I was transfixed. I wanted to learn to play the Thumb Piano. I want to tell everyone in the world how fantastic this music is. All in the space of 30 minutes. Bastardgeist is playing Norwich this evening and then returning from his home in New York later in the year for a headline tour. I will be in the front row.

Did I forget to mention that the staff at The Perch braved the squalls to bring food to us from the pub throughout the evening? They did. Ample space between sets could be a disaster at an event like this, but actually it merely served to give more focus to what seemed to be the primary aim of the event, to enjoy a relaxed time together in the presence of artistic greatness.

Next up were C Duncan. Chris and his band are on the cusp of releasing a lovely debut album on Fat Cat Records, had travelled from Scotland to play, iced cakes for the event (naturally, Vez makes cakes for the performers, because she doesn’t have enough else to do) and presented a polished and diverse set of electronic folk songs. Having spent some time with the album in preparation for writing about it in July, it was a pleasure to see how well these songs transferred to the live stage. Once I’d got over my disgust at how young the band looked (I think I’m getting old) I was captivated by their close harmonies, and the way they were able to move seamlessly from fractured folk on the one hand and stomping summer-inspired pop on the other. It was a great set. I hope that the addition of a drummer to the live act will give them an added punch and confidence, without taking away the intimacy they were able to convey as a trio. And, in case I didn’t spell it out, the album is one to keep an eye out for.
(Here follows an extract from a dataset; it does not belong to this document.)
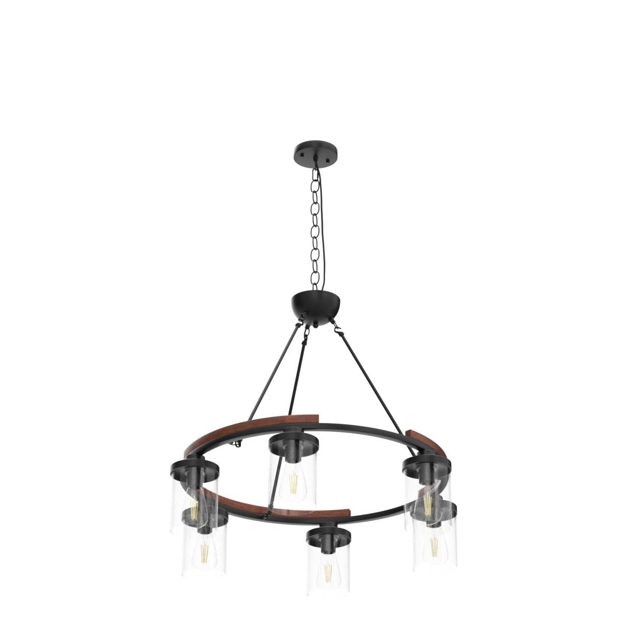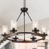 - **Farmhouse Style**: Embrace the allure of farmhouse decor with this beautifully crafted chandelier featuring a striking black metal frame, warm wood accents, and clear glass shades. Its versatile design allows for customizable installation, enabling you to orient the circular body either up or down to suit your space.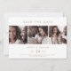 This chic gold typography 3 photo template save the date card is perfect for a modern wedding. The simple design features classic minimalist gold and white typography with a rustic boho feel. Customizable in any color. Keep the design minimal and elegant, as is, or personalize it by adding your own graphics and artwork.

Next, there was more bad news. Laura Moody, the night’s headline act was unwell and unable to play. It’s her birthday today so I hope she’s better! She had been replaced at the last moment by another artist with a fantastic name, Salvation Bill. I’d never seen, experienced or known of Salvation Bill up to the point when he meekly appeared on the stage at around 9.30. My life will never be the same having witnessed him. This wasn’t a set at a festival. It wasn’t even an event. This was something else entirely. You’d think that a guy, a guitar, some backing tracks and a drum machine couldn’t do much damage. You’d be wrong. Salvation Bill has a voice to die for. Like the best bits of Matt Bellamy, Chris Martin and Kate Bush (!) and he obviously has a musical mindset permanently directed towards “set phasers to stun”. I wish I could tell you what the songs were about, but I really have no idea. I recollect one about a barking dog which ended up dead, and another which had something to do with prison, but I have to be honest, I was alternating between laughing at the audacity of the lyrics, and the compositional mastery on display to take proper notice. Chords progress in ways that every producer I’ve ever had has told me that they’re not allowed to, however much I’ve argued. Melodies strain at the bounds of common sense before, each and every time, tumbling over in to the supposed abyss of wrong, only to turn out to be perfect. That the evening finished with a chorus of looped howling dogs while “Bill” cavorted round the venue playing a deranged saxophone solo might make it sound like some kind of debauched nonsense, but it was a perfect end to a really special evening.

My only sadness is that I can’t be there today.

One final note. The bill of the evening flowed perfectly. It had been meticulously curated. It made perfect sense, in spite of making no sense at all. For this, and for so much else, huge kudos to Vez. Irregular Folk is a new “Do not miss” date in my diary. Make sure you don’t either.